── Task data

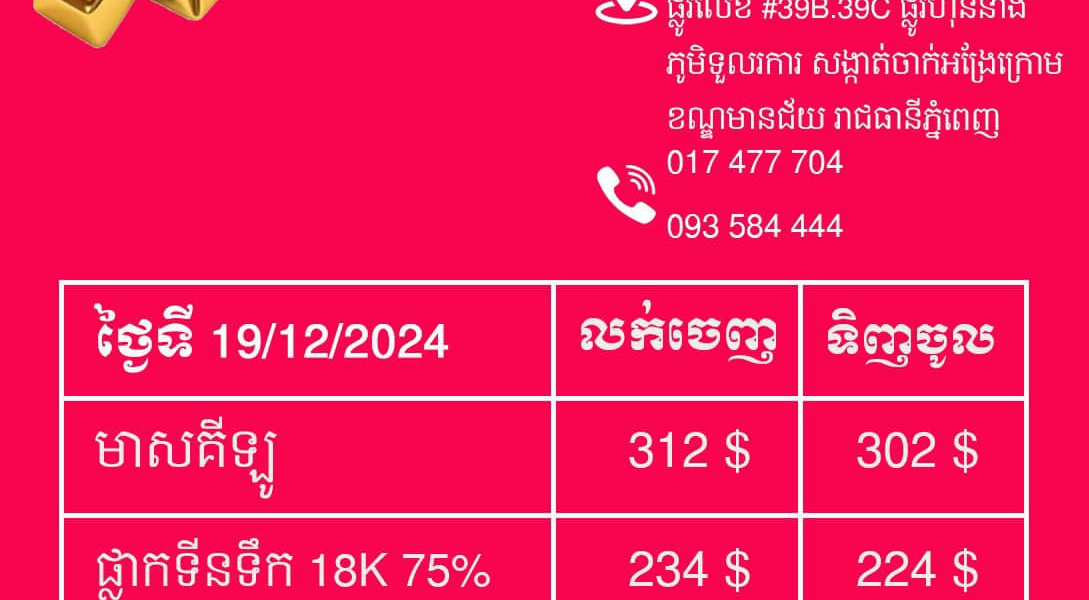អត្រាប្តូរប្រាក់គោល រវាងរូបិយបណ្ណផ្សេងៗជាមួយប្រាក់រៀល ប្រចាំថ្ងៃទី២០ ខែធ្នូនេះ អត្រាផ្លូវការ ១ដុល្លារអាមេរិក ស្មើ៤,០១៩រៀល។ នេះបើយោងតាមសេចក្តីជូនដំណឹងរបស់ធនាគារជាតិនៃកម្ពុជា ចុះថ្ងៃទី១៩ ខែធ្នូ ឆ្នាំ២០២៤នេះ។ សូមបញ្ជាក់ថា អត្រាប្តូរប្រាក់អាមេរិកធៀបជាមួយប្រាក់រៀលខ្មែរ មិនមានការប្រែប្រួលច្រើននោះទេ មួយរយៈពេលកន្លងមកនេះ៕
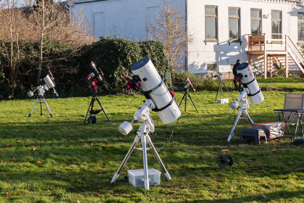 Neben interessanten Vorträgen gab es tagsüber mithilfe von zwei H Alpha Teleskopen die Sonne zu bestaunen. Nachts bei frostigen Temperaturen machten wir es uns am Lagerfeuer und in der Grillhütte gemütlich. Eine regelrechte Warteschlange entstand an Mirkos 12 Zoll Dobson Teleskop, um visuell den Sternhimmel und seine vielseitigen Objekte bestaunen zu können. Nebenher nahmen haufenweise Deep Sky Setups und weitere Kameras hinter den Objektiven ihre schönen Bilder des prachtvoll dunklen Fehmarn-Himmels auf.
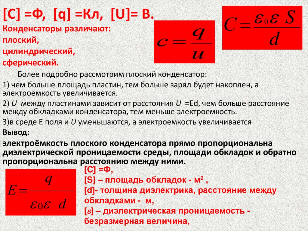 диэлектрической проницаемости среды, площади обкладок и обратно
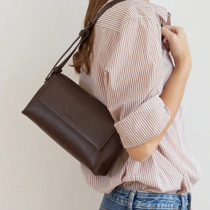 Crafted from smooth vegan leather, the Sophia features a secure magnetic flap closure that opens to reveal a thoughtfully organised interior with built in card holders. A discreet back zip pocket keeps frequently used items close at hand, while the adjustable strap allows you to wear it comfortably as a shoulder bag or crossbody throughout the day.
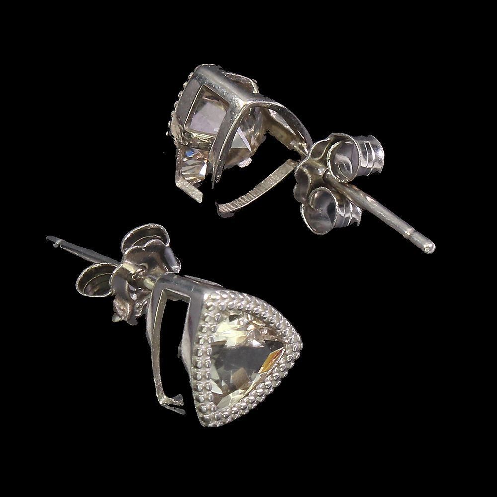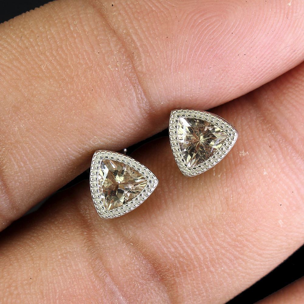 Unheated Trilliant Morganite 6mm 14k White Gold Plated 925 Sterling Silver Earrings

────

Problem statement:
Output the records above unchanged, minus their pictures.

Answer to this problem:
អត្រាប្តូរប្រាក់គោល រវាងរូបិយបណ្ណផ្សេងៗជាមួយប្រាក់រៀល ប្រចាំថ្ងៃទី២០ ខែធ្នូនេះ អត្រាផ្លូវការ ១ដុល្លារអាមេរិក ស្មើ៤,០១៩រៀល។ នេះបើយោងតាមសេចក្តីជូនដំណឹងរបស់ធនាគារជាតិនៃកម្ពុជា ចុះថ្ងៃទី១៩ ខែធ្នូ ឆ្នាំ២០២៤នេះ។ សូមបញ្ជាក់ថា អត្រាប្តូរប្រាក់អាមេរិកធៀបជាមួយប្រាក់រៀលខ្មែរ មិនមានការប្រែប្រួលច្រើននោះទេ មួយរយៈពេលកន្លងមកនេះ៕
 Neben interessanten Vorträgen gab es tagsüber mithilfe von zwei H Alpha Teleskopen die Sonne zu bestaunen. Nachts bei frostigen Temperaturen machten wir es uns am Lagerfeuer und in der Grillhütte gemütlich. Eine regelrechte Warteschlange entstand an Mirkos 12 Zoll Dobson Teleskop, um visuell den Sternhimmel und seine vielseitigen Objekte bestaunen zu können. Nebenher nahmen haufenweise Deep Sky Setups und weitere Kameras hinter den Objektiven ihre schönen Bilder des prachtvoll dunklen Fehmarn-Himmels auf.
 диэлектрической проницаемости среды, площади обкладок и обратно
 Crafted from smooth vegan leather, the Sophia features a secure magnetic flap closure that opens to reveal a thoughtfully organised interior with built in card holders. A discreet back zip pocket keeps frequently used items close at hand, while the adjustable strap allows you to wear it comfortably as a shoulder bag or crossbody throughout the day.
 Unheated Trilliant Morganite 6mm 14k White Gold Plated 925 Sterling Silver Earrings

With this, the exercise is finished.